All of the entries are to be repeated exactly, with no pictures included.

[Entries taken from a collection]
========================

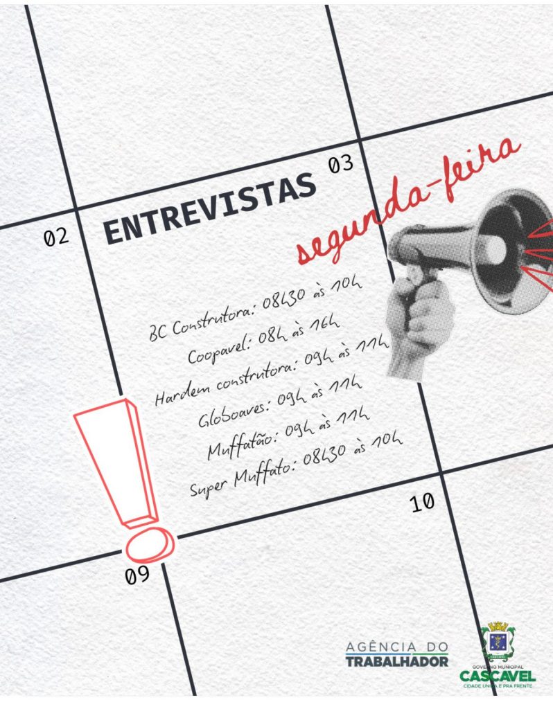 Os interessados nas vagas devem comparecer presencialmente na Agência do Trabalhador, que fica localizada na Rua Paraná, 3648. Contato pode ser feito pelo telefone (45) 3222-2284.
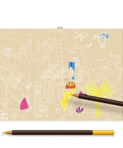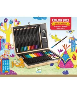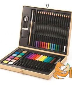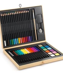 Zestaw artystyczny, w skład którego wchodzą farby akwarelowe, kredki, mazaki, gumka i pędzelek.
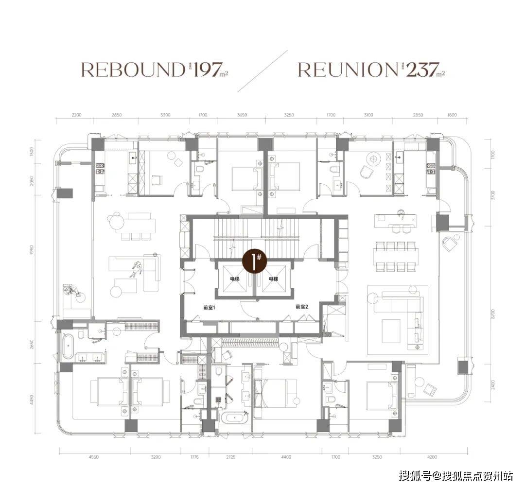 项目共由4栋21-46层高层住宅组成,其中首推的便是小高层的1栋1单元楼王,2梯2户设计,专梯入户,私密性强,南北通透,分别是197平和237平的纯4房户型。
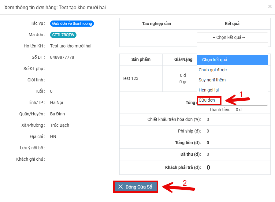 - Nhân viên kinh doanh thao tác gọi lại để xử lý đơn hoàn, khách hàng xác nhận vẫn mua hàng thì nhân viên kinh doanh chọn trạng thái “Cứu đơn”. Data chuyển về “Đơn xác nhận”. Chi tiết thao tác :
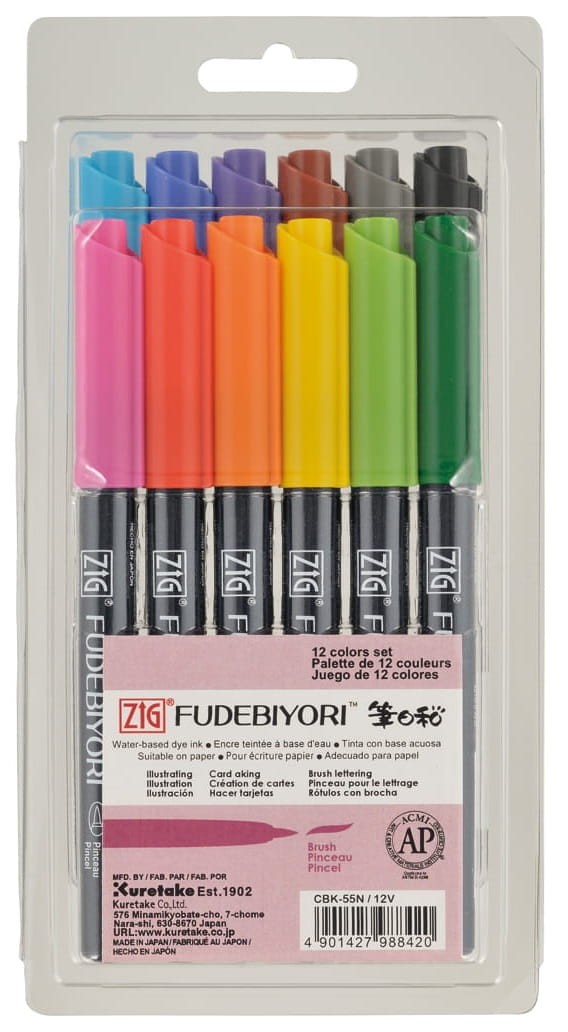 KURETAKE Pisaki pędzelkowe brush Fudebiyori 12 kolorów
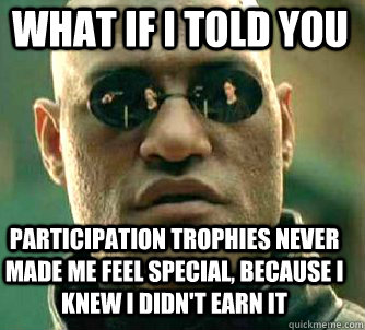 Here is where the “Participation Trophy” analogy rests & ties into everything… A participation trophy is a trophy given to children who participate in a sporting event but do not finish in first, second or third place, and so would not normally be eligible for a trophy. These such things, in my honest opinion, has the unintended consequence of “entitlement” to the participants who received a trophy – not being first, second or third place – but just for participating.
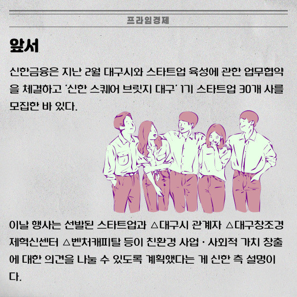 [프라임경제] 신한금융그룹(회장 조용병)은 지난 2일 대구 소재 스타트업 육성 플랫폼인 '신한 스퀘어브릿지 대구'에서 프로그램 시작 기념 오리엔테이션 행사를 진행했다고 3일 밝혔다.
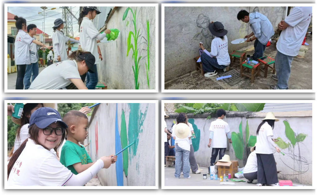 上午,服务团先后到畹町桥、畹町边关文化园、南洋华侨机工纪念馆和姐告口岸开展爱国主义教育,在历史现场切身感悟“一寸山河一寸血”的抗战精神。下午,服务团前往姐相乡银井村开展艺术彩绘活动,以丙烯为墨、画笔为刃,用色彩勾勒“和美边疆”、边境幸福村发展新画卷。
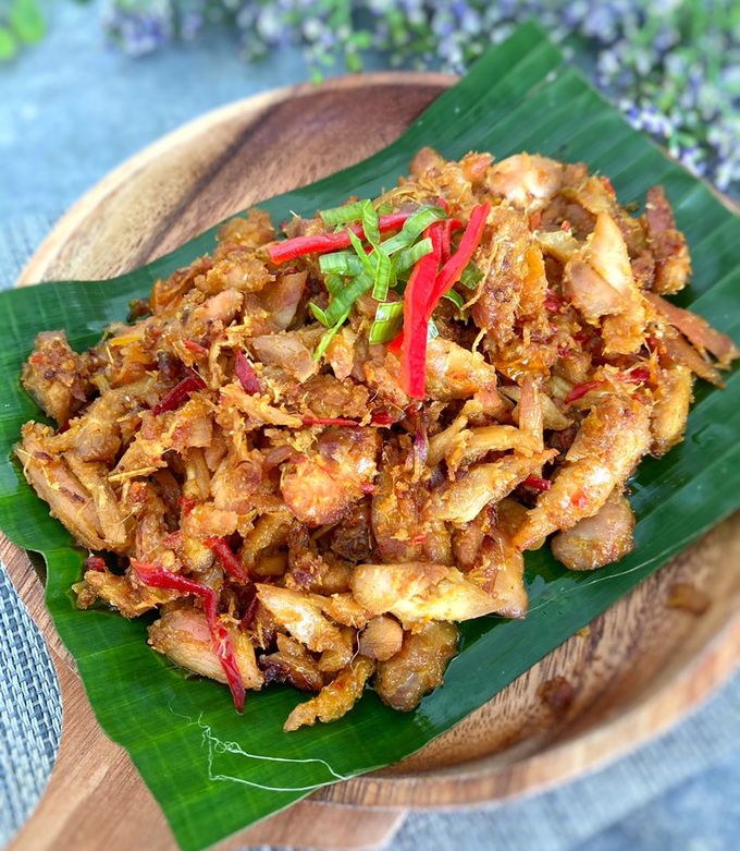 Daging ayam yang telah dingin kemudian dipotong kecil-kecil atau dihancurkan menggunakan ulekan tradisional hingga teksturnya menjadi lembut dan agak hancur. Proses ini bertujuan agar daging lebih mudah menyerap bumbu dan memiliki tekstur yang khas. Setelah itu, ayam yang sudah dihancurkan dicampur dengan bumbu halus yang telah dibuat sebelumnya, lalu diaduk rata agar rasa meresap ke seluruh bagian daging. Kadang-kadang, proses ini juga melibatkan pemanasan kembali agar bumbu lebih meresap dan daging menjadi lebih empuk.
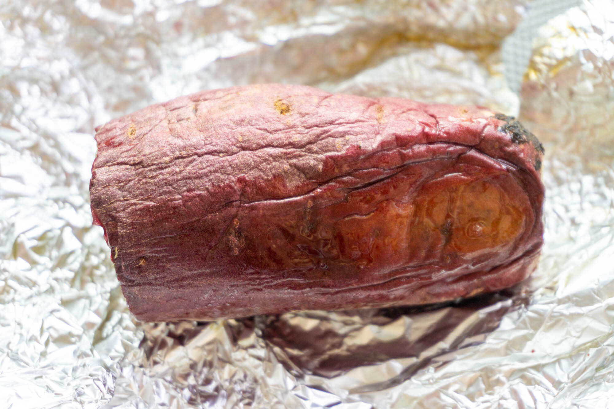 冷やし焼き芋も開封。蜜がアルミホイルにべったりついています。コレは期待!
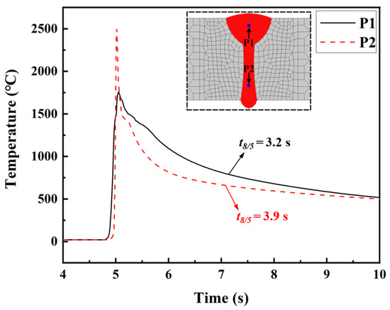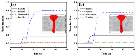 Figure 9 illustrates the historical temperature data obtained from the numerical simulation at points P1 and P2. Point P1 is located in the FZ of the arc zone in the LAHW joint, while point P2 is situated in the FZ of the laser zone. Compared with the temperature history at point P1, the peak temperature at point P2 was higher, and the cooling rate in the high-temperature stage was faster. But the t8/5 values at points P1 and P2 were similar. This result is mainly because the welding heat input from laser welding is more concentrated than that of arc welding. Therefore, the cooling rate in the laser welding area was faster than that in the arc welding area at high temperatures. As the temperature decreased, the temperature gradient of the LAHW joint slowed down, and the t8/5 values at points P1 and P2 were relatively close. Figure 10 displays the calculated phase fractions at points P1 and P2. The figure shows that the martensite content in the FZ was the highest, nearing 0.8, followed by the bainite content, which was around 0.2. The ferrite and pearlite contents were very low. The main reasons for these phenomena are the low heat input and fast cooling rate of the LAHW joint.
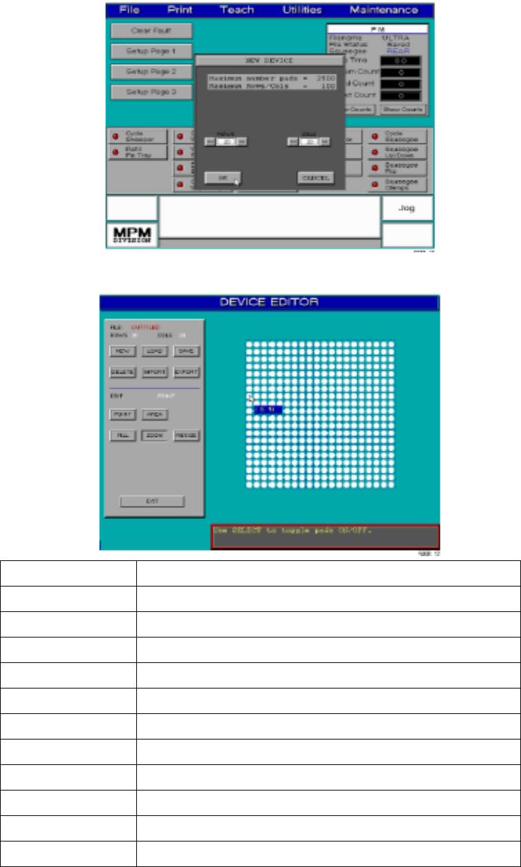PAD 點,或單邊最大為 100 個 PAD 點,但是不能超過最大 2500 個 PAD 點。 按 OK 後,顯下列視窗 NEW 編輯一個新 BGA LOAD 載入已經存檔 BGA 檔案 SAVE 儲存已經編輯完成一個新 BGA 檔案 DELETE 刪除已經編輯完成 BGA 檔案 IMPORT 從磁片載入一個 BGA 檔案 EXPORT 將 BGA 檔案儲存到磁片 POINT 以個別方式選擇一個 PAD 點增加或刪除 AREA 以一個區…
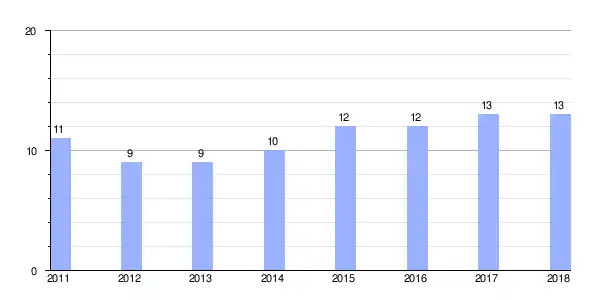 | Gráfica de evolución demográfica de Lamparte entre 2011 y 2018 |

========================

**Output for this exercise**
 Os interessados nas vagas devem comparecer presencialmente na Agência do Trabalhador, que fica localizada na Rua Paraná, 3648. Contato pode ser feito pelo telefone (45) 3222-2284.
 Zestaw artystyczny, w skład którego wchodzą farby akwarelowe, kredki, mazaki, gumka i pędzelek.
 项目共由4栋21-46层高层住宅组成,其中首推的便是小高层的1栋1单元楼王,2梯2户设计,专梯入户,私密性强,南北通透,分别是197平和237平的纯4房户型。
 - Nhân viên kinh doanh thao tác gọi lại để xử lý đơn hoàn, khách hàng xác nhận vẫn mua hàng thì nhân viên kinh doanh chọn trạng thái “Cứu đơn”. Data chuyển về “Đơn xác nhận”. Chi tiết thao tác :
 KURETAKE Pisaki pędzelkowe brush Fudebiyori 12 kolorów
 Here is where the “Participation Trophy” analogy rests & ties into everything… A participation trophy is a trophy given to children who participate in a sporting event but do not finish in first, second or third place, and so would not normally be eligible for a trophy. These such things, in my honest opinion, has the unintended consequence of “entitlement” to the participants who received a trophy – not being first, second or third place – but just for participating.
 [프라임경제] 신한금융그룹(회장 조용병)은 지난 2일 대구 소재 스타트업 육성 플랫폼인 '신한 스퀘어브릿지 대구'에서 프로그램 시작 기념 오리엔테이션 행사를 진행했다고 3일 밝혔다.
 上午,服务团先后到畹町桥、畹町边关文化园、南洋华侨机工纪念馆和姐告口岸开展爱国主义教育,在历史现场切身感悟“一寸山河一寸血”的抗战精神。下午,服务团前往姐相乡银井村开展艺术彩绘活动,以丙烯为墨、画笔为刃,用色彩勾勒“和美边疆”、边境幸福村发展新画卷。
 Daging ayam yang telah dingin kemudian dipotong kecil-kecil atau dihancurkan menggunakan ulekan tradisional hingga teksturnya menjadi lembut dan agak hancur. Proses ini bertujuan agar daging lebih mudah menyerap bumbu dan memiliki tekstur yang khas. Setelah itu, ayam yang sudah dihancurkan dicampur dengan bumbu halus yang telah dibuat sebelumnya, lalu diaduk rata agar rasa meresap ke seluruh bagian daging. Kadang-kadang, proses ini juga melibatkan pemanasan kembali agar bumbu lebih meresap dan daging menjadi lebih empuk.
 冷やし焼き芋も開封。蜜がアルミホイルにべったりついています。コレは期待!
 Figure 9 illustrates the historical temperature data obtained from the numerical simulation at points P1 and P2. Point P1 is located in the FZ of the arc zone in the LAHW joint, while point P2 is situated in the FZ of the laser zone. Compared with the temperature history at point P1, the peak temperature at point P2 was higher, and the cooling rate in the high-temperature stage was faster. But the t8/5 values at points P1 and P2 were similar. This result is mainly because the welding heat input from laser welding is more concentrated than that of arc welding. Therefore, the cooling rate in the laser welding area was faster than that in the arc welding area at high temperatures. As the temperature decreased, the temperature gradient of the LAHW joint slowed down, and the t8/5 values at points P1 and P2 were relatively close. Figure 10 displays the calculated phase fractions at points P1 and P2. The figure shows that the martensite content in the FZ was the highest, nearing 0.8, followed by the bainite content, which was around 0.2. The ferrite and pearlite contents were very low. The main reasons for these phenomena are the low heat input and fast cooling rate of the LAHW joint.
PAD 點,或單邊最大為 100 個 PAD 點,但是不能超過最大 2500 個 PAD 點。 按 OK 後,顯下列視窗 NEW 編輯一個新 BGA LOAD 載入已經存檔 BGA 檔案 SAVE 儲存已經編輯完成一個新 BGA 檔案 DELETE 刪除已經編輯完成 BGA 檔案 IMPORT 從磁片載入一個 BGA 檔案 EXPORT 將 BGA 檔案儲存到磁片 POINT 以個別方式選擇一個 PAD 點增加或刪除 AREA 以一個區…
 | Gráfica de evolución demográfica de Lamparte entre 2011 y 2018 |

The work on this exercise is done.